I don't know which is more embarrassing, the fact that I shat on the floor today or that I told you about it.
just watched paranormal activity stoned. laughed the whole time and screamed when they turned on the lights. eating doritos. I love my life
Just got a blowjob to the theme of Bohemian Rhapsody as the sun was rising. I should just kill myself because ill never top this moment.
you spent the rest of the night making a recipe for mixed drink called "the new years bowel remover". it has 13 parts but judging from the bold all caps, the boiled avocado is the most important
OMG the post office opened my dildo! "we sincerely regret the damage to your package"
I'm cleaning my bathroom. That being said I found a klonopin and dropped it and stepped on it. Floor is clean im gonna snort it.
Dude I've kinda accepted I may leave Nola with the clap.
He had a tramp stamp of his own phone number. You can't tell me that isn't smart.

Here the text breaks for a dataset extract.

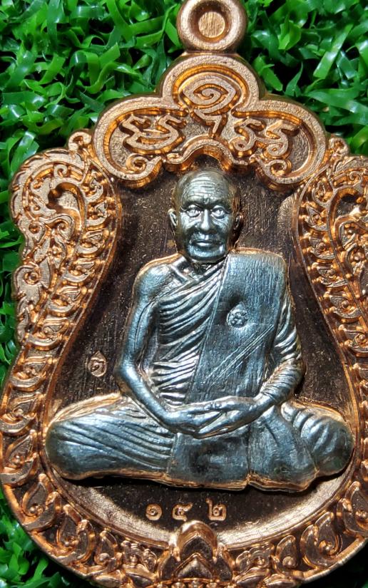 เหรียญเสมารุ่นแรก หลวงปู่ตี๋ ปวโร ออกวัดดอนขวาง เนื้อทองแดงหน้ากากเงิน เลข ๑๔๒ พร้อมกล่อง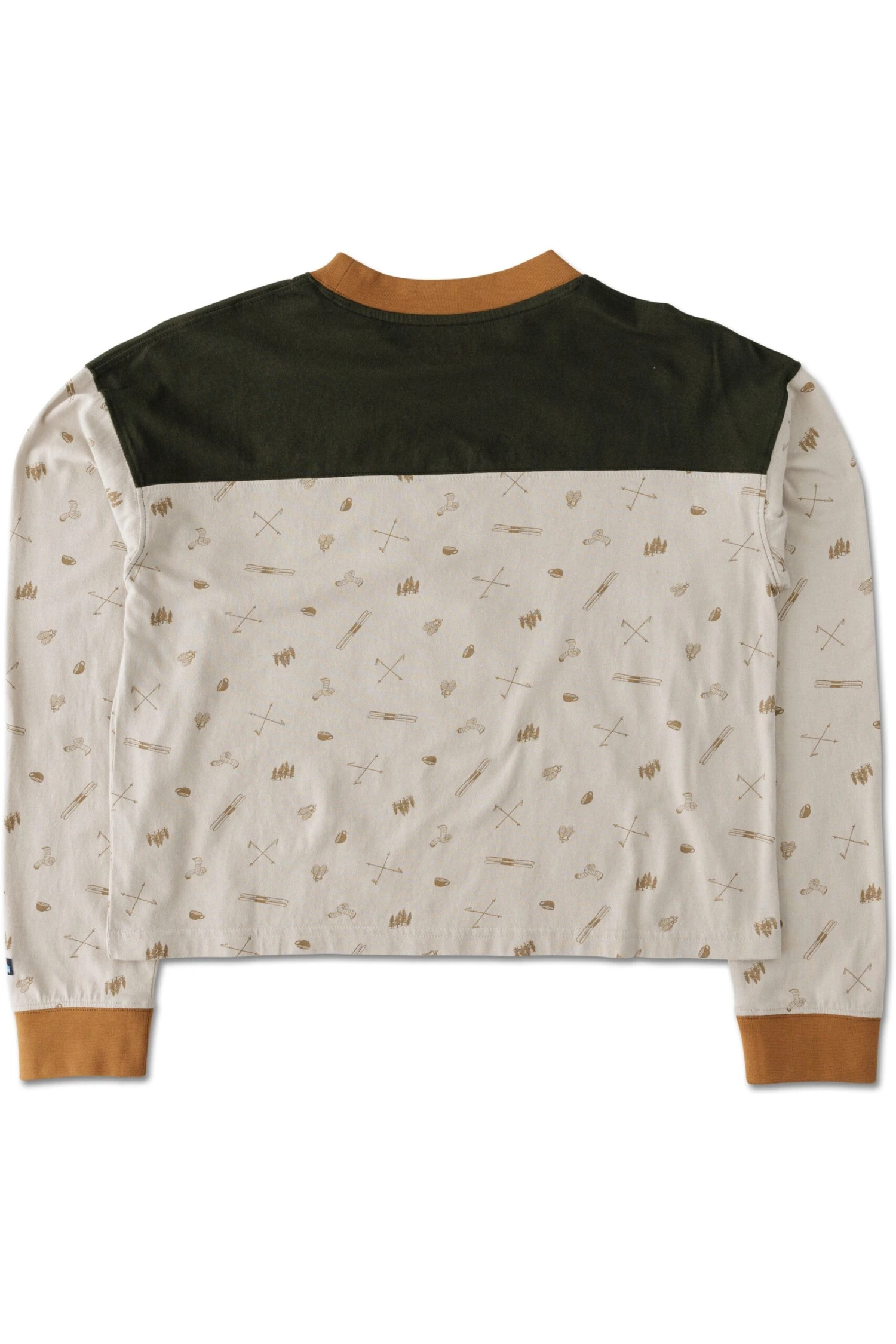 Relaxed fit, long sleeve cropped top, crew neckline, front and back yoke seam styling, screen print on center front chest, ribbed sleeve cuffs, straight hem, heat transfer back neck label.

Can we go one day without you telling me that your dick misses me
We turned a wake into a bar crawl.
Woke up in a hotel room with some random guy then walked over a mile to the bus stop where I laid down and waited on the bus. GREAT NIGHT
I watched a compilation video today of a guy banging his sex doll to edm music. I just had to tell someone.
My last memory of last night was being in a laundry room doing blow and admiring a washer and dryer... I think that's the earmark of old age
So I FINALLY get to start out a story, "So there I was, naked except for a toboggan hat and handcuffs..."
All I remember is your girlfriend laying on the bathroom floor and me crawling in and asking if it was okay to puke.